DE19608912A1 - Organic photoconductor for electrophotography free from delamination - Google Patents

Abstract

Organic photoconductor for electrophotographic applications has a cylindrical conductive substrate (1), contg. a crosslinked polyphenylene sulphide (PPS) resin, electroconductive powder (I) and inorg. fibrous material (II), and an organic photoconductive coating (5). The novelty is that the ratio (A/B) of the coeffts. of thermal expansion of the substrate and coating is between 1/2 and 1/4.

Description

The present invention relates to organic photoconductors for electrophotographic applications and more precisely organic photoconductor with a conductive support, the main component of which is poly phenylene sulfide resin (PPS resin) contains.

Organic photoconductors used in electrophotographic devices such as copiers or printers that work according to the electrophotographic principle are used, have a guide the support and an organic photoconductive layer layered thereon. The fotoleit The capable layer consists of organic materials including an organic photoconductive material. The conductive support is usually cylindrical to project the electro to facilitate photographic equipment. The photoconductive layer, a thin film that is an organic contains photoconductive material, is on the outer surface of the cylindrical support educated.

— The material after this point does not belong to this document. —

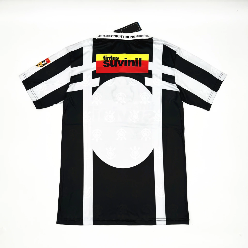 A camisa II do Corinthians 1995/96 é um verdadeiro símbolo dos anos dourados do Timão. Produzida pela Penalty e marcada pelo patrocínio da Tintas Suvinil, ela carrega um design imponente com listras pretas e brancas e gola polo clássica — um visual que marcou época e segue no coração da Fiel até hoje. Vestida por craques como Marcelinho Carioca e Tupãzinho, foi parte de uma geração que consolidou o espírito guerreiro e a identidade corinthiana dentro de campo.

Aluminum or aluminum alloys, which are light and easy to machine, have been widely used as the material for the cylindrical supports. However, the outer surface of each cylindrical support made of aluminum or an aluminum alloy must be machined very precisely, so that the required high dimensional accuracy (circular shape: ± 50 µm or less, accuracy of the diameter: ± 40 µm or less) and the preferred surface roughness (0 , 5 to 1.2 µm for the maximum roughness depth R _MAX ) can be achieved. It is also necessary to carefully insert a flange for rotating the photoconductor into each one individually. Since the surface of an aluminum or aluminum alloy carrier is oxidized or reacted by oxygen or moisture in the air, measures must also be taken to prevent oxidation or conversion, such as covering the carrier surface with an anodic oxide film. The production of aluminum or aluminum alloy supports therefore requires many manufacturing steps and causes high manufacturing costs.

JP-02-17026 B discloses a cylindrical carrier that is lighter, chemically and thermally very resistant, is neither oxidized nor deformed in the air and for the organic photoconductor is suitable. The cylindrical support is made by injection molding Materials made including a PPS resin.

Since the volume resistivity of the PPS resin is usually 10¹⁴ to 10¹⁶ Ω · cm, the electrical conductivity of pure PPS resin is too low for the purpose of supporting a photoconductor for electrophotographic applications. The specific volume resistance should be less than 10⁴ Ω · cm for this purpose, so that images or prints with sufficient quality for practical needs can be obtained. A specific volume resistance of over 10⁵ Ω · cm hinders the transfer of the electrical charges to the carrier during exposure or discharge and increases the permanent potential. Thus, the high volume resistivity of the PPS resin prevents good images or prints. Carbon black is added, for example, to give the PPS resin electrical conductivity. Since the volume resistivity of carbon black is 10 ^-1 to 10 Ω · cm (in the case of conductive furnace carbon black), up to 15% by weight of carbon black must be added to the PPS resin in order to reduce the volume resistivity of the carrier to 10⁴ Ω · cm. However, the addition of carbon black is limited because large amounts of carbon black added reduce the mechanical strength of the carrier. Furthermore, it is difficult to achieve the required dimensional accuracy of the carrier when it is made of normal linear PPS resin which deforms more easily than cross-linked PPS resin by the solvent of a coating liquid or by heating.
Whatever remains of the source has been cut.